(Non)Compliance does not equal (Dys)Regulation

by Affect Autism

This Week’s Topic

Compliance is often mistaken for readiness to learn, but compliance does not equal regulation, and regulation is necessary for learning. On the flip side, dysregulation is often seen as noncompliance. In this podcast, we discuss the connection between regulation and compliance.

This Week’s Guests

Today I welcome back retired Special Educator and Developmental, Individual differences, Relationship-based (DIR) Model Expert and Training Leader, Jackie Bartell in Rochester, New York, and Occupational Therapist, Amy Lewis in Charleston, South Carolina, co-developer of Powerfully You–a social emotional learning curriculum designed to foster self-regulation, and that values Individual differences. She has a special interest in Sensory Integration, is currently enrolled in a Floortime certificate course, and holds many other certifications.

Bonus Insights

Focus on Compliance

There’s a lot of focus on children being compliant and this usually goes along with the assumption that compliance is how children learn, Jackie starts. A child who is being noncompliant is not necessarily dysregulated and being dysregulated does not necessarily mean that a child is being noncompliant. When a child is noncompliant, they’re seen as being dysregulated and therefore unable to engage in the learning process. Jackie says there’s a lot of fables in this thinking.

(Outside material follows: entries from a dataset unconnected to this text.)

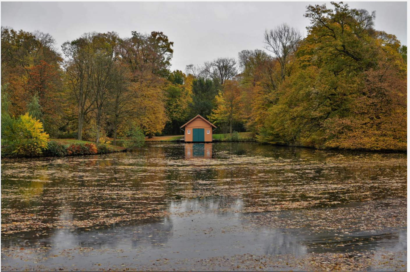
Bootshaus MARIE am Meiereisee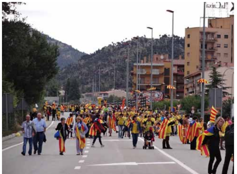
• Preparant la cadena humana de la Via Catalana a la Jonquera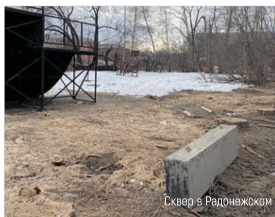
Сквер в Радонежском

В Томске горожане голосуют за варианты дизайн-проектов и территории для благоустройства в 2024 году в рамках федерального проекта «Формирование комфортной городской среды», являющегося частью нацпроекта «Жилье и городская среда». Свой выбор томичи старше 14 лет могут сделать на всероссийской платформе za.gorodsreda.ru или через волонтеров до 31 мая.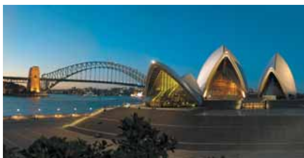
Sydney Opera House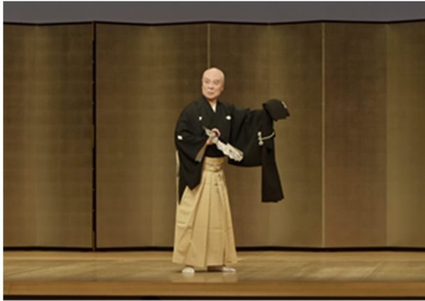
(歌舞伎舞踊 (素踊り) ときわずぶし 常磐津節 かげきよ 「景清」)

今回認定する56名は、 にほんぶよう 日本舞踊の技法を高度に体现し、重要無形文化財「 にほんぶよう 日本舞踊」の保持者としてふさわしい者であるので、重要無形文化財「日本舞踊」の保持者の団体の構成員（ にほんぶようほぞんかいかいいん 日本舞踊保存会会員）として認定するものである。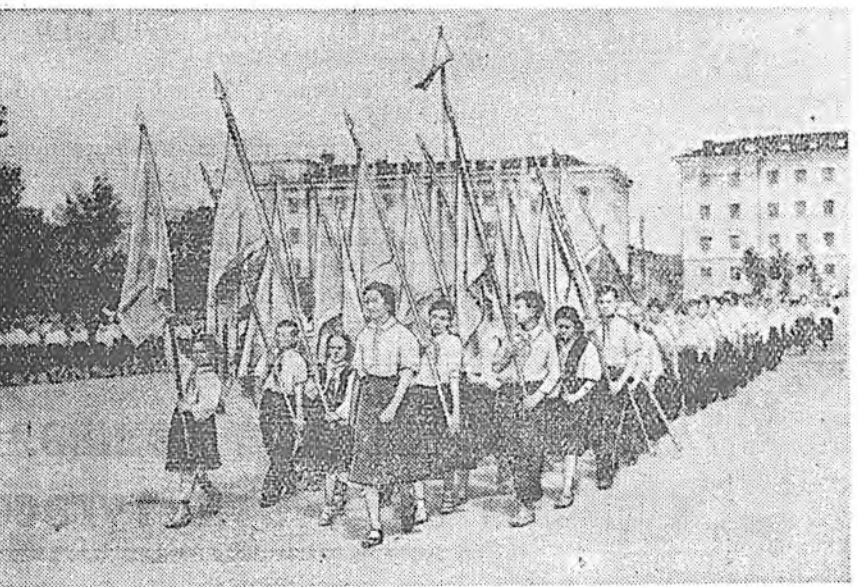
ЗУРАГ ДЭЭРЭ: Пионерүүдэй республиканска слёдо хабаадагшарай А. Мангаевай фото.

Зүблөөн болбол коммунистуудай политическэ хуралсалай шанарыг, идеинэ удхыг дээшлүүлхэ, ажабай-далтай, түрүү дүй дүршэл пропаган-далгатай тэрэнэй холбоо барисаа удам үргэдхэхэ шухала гэжэ тэм-длэе.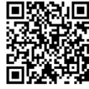
ኡጋት ጽፊትን ኣደብን (እንግሊዝኛ)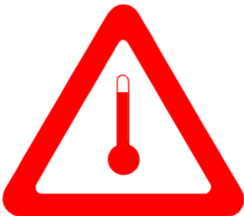
Kennzeichnung für in erwärmtem Zustand transportierte Materialien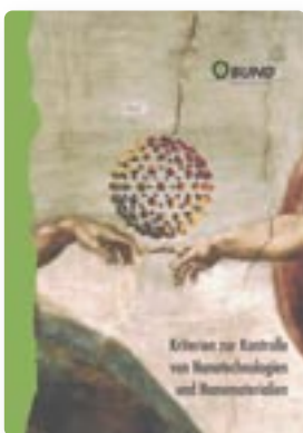
Broschüre Best. Nr. 55.042 K

A child does not get up in the morning and decide they’re going to be noncompliant, nor do they decide that they will be dysregulated, and one does not equal the other, Jackie stresses. Both are observed behaviours. A child who is well regulated can be observed to not comply because it might not be clear what the expectation is, or another reason, and a child who is dysregulated is truly not being noncompliant and not deciding that they don’t want to participate, as they are in fight or flight and don’t have access to the thinking part of their brain.

Focus on Regulation

Amy says it comes down to defining regulation. Regulation is really happening on two levels: both on what we observe as behaviour, but also on a neurophysiological level. Amy thinks of it as the ability to match our internal state to what’s going to serve us the best and what’s happening in the environment. An example is that we can be ‘meeting expectations’ and not be regulated. Internally, your heart might be racing, your muscles might be tense, and your thoughts might not be connecting.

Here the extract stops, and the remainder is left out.